Further to topic I., we are interested further stages of germ cell development, especially the spermiogenesis. Here, one of the last steps is the replacement of the histones by basic proteins, the protamines resulting in chromatin-hypercondensation. Using CRISPR/Cas9 gene editing in murine oocytes, we established a Protamine-2 deficient mouse strain. While male mice deficient for Protamine-2 are sterile, Prm-2 heterozygous animals are fertile while showing a reduction in Protamine-2 protein levels. We are able to demonstrate, that the lack of Protamine leads to DNA damage, triggering a ROS based cascade (Schneider et al. 2020). In addition, we do have now also models for deficiency of Protamine 1, where we see defective DNA-Protamination and, to our surprise also a defect in processing of Protamine 2 (Merges et al., 2023). In contrast to Protamine 1, which is expressed in a ready to use form, Protamine 2 comes in a precursor version, which during incorporation into Sperm DNA, gets processed (the 5' end is being cut off) to the so-called mature Protamine 2. In order to investigate the effects of mature Prm-2, we generated a mouse, deficient of the cleaved portion of Prm 2 and find, that removal of transition proteins is impaired, and a key histone variant is not properly removed (Arevalo et al., 2023). Having developed more Protamine deficient models, we anticipate to learn more about the complex molecular processes of DNA-hypercondensation in mammals.

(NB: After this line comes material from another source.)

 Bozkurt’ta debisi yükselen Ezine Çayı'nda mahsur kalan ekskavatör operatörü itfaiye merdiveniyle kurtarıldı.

Research Pathologie AG Prof. Dr. Hubert Schorle

From Schneider et al., Scientific Reports, 2016.

Being interested in spermiogenesis per se, we got interested in genes, which are exclusively expressed during this important window of time in development. Sperm cells undergo a highly dynamic change of shape, round cytoplasma-rich cells become sleek and slender sperm cells. This change of shape is only begun to be understood and we hope to contribute a part to this story. We generated mouse models deficient in Profilins 3 and 4 which are supposed to interact with actin and actin dynamics. Interestingly, we found, that loss of Profilin 4 leads to a disturbance of the acrosome biogenesis, rendering the mice subfertile. We show, that loss of Profilin 3 leads to a deregulation of TRIM71, which impinges and derails protein levels important for the autophagic flux. Since parts of the autophagy machinery are re-used in spermiogenesis to help generating the acrosome, this cellular organelle is impaired in its function (Umer et al. 2021). Further, we published results of mouse lines being deficient for Actl7b (Merges et al., 2023) and Cylicin1 and Cylicin2 (Schneider, Kovacevic et al., 2023). We found, that sperm of humans harboring variants of CYLC1 and CYLC2 display analogous defects in sperm bauplan and are infertile as well.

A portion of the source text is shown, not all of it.